Aleksandar Vucic, yang lahir pada 5 Maret 1970 di Beograd, Serbia, adalah sosok politikus karismatik yang telah menempati posisi sebagai Presiden Serbia sejak 31 Mei 2017. Sebelum menjabat sebagai presiden, Vucic terlebih dahulu pernah menjabat sebagai Perdana Menteri dari 2014 hingga 2017, serta Menteri Pertahanan pada tahun 2012. Karier politiknya bermula dengan keterlibatan di Partai Radikal Serbia (SRS), sebelum akhirnya mendirikan Partai Progresif Serbia (SNS) yang berhaluan kanan-tengah pada 2008.
Vucic menempuh pendidikan di Fakultas Hukum Universitas Beograd dan pernah bekerja sebagai jurnalis, menyuarakan kebijakan nasionalis selama perang Yugoslavia. Di Tahun 1993, ia bergabung dengan SRS, dipercaya sebagai Sekretaris Jenderal pada 1994. Pada tahun 2008, ia menginisiasi peralihan politik dengan mendirikan SNS, yang berfokus pada reformasi dan integrasi ke Eropa, menggeser arah politik dari nasionalisme keras ke pro-Eropa.
Sebagai Perdana Menteri, Vucic berpokus pada reformasi ekonomi dan menarik investasi asing. Namun, kepemimpinannya menuai kritik terkait kecenderungan otoriter, dengan kontrol ketat terhadap media dan tekanan pada oposisi politik. Terpilih sebagai Presiden pada 2017, meskipun posisi tersebut lebih seremonial, Vucic terus berperan dominan dalam politik Serbia.
Baru-baru ini, pemerintahannya menghadapi tantangan serius. Pada November 2024, insiden tragis di stasiun kereta Novi Sad, di mana atap beton runtuh dan menewaskan 15 orang, memicu protes besar-besaran. Insiden ini dicontohkan sebagai hasil dari korupsi dan ketidakpatuhan terhadap standar keselamatan dalam proyek infrastruktur. Protes yang dipicu oleh mahasiswa ini berkembang menjadi gerakan nasional yang mendesak transparansi dan akuntabilitas dalam pemerintahan.
Pada Maret 2025, serangkaian protes masif terjadi di Beograd, melibatkan satu juta warga yang menuntut pengunduran diri Vucic serta pemerintahan. Para demonstran menuduh pemerintah terlibat dalam korupsi sistemik dan pembungkaman kebebasan berpendapat.
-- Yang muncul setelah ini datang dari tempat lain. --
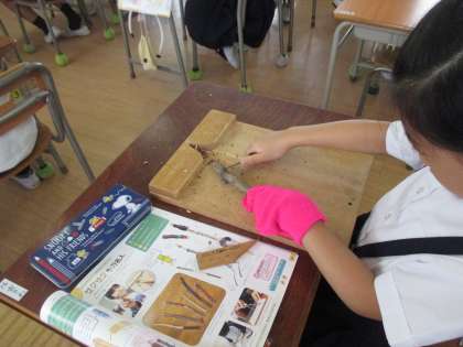 3年生は図画工作科で小刀を使いました。自然の木の枝を加工して、枝ペン(?)を制作しました! 初めて扱う小刀に、ドキドキの子どもたち。カッターナイフよりも大きな刃先に、緊張が高まりました。

Di antara tuntutan mereka adalah reformasi mendalam dalam sistem pemerintahan dan peningkatan anggaran untuk pendidikan. Ini menjadi momen penting di mana rakyat mengekspresikan ketidakpuasan serius terhadap kondisi pemerintahan saat ini.
Reaksi pemerintah terhadap demonstrasi ini adalah bantahan atas tuduhan penggunaan kekuatan berlebihan. Namun, insiden yang melibatkan penggunaan senjata sonik untuk membubarkan demonstran menimbulkan kekhawatiran serius. Pada Mei 2023, Vucic mengambil langkah untuk meredakan ketegangan politik dengan mengundurkan diri sebagai ketua SNS, walaupun ia tetap sebagai Presiden. Langkah ini dianggap oleh banyak pihak sebagai upaya untuk merespons sebagian dari keinginan demonstran.
Dari perspektif internasional, situasi di Serbia menjadi perhatian serius, terutama oleh Uni Eropa yang mendesak dialog antara pemerintah dan oposisi serta menekankan pentingnya menghormati hak asasi manusia dan kebebasan berpendapat. Masa depan politik Vucic dan stabilitas Serbia kini berada di persimpangan; keputusan pemerintah dalam merespons tuntutan rakyat dan kewajiban untuk melakukan reformasi akan menjadi penentu arah politik di masa mendatang.
Secara keseluruhan, krisis ini mencerminkan ketegangan mendalam antara harapan demokratis masyarakat dengan tantangan korupsi dan transparansi dalam pemerintahan. Vucic, penguasa yang dulunya disambut positif, kini menghadapi kemungkinan perubahan dalam penggambaran dan dukungan publik di tengah gelombang protes yang tidak menunjukkan tanda-tanda mereda.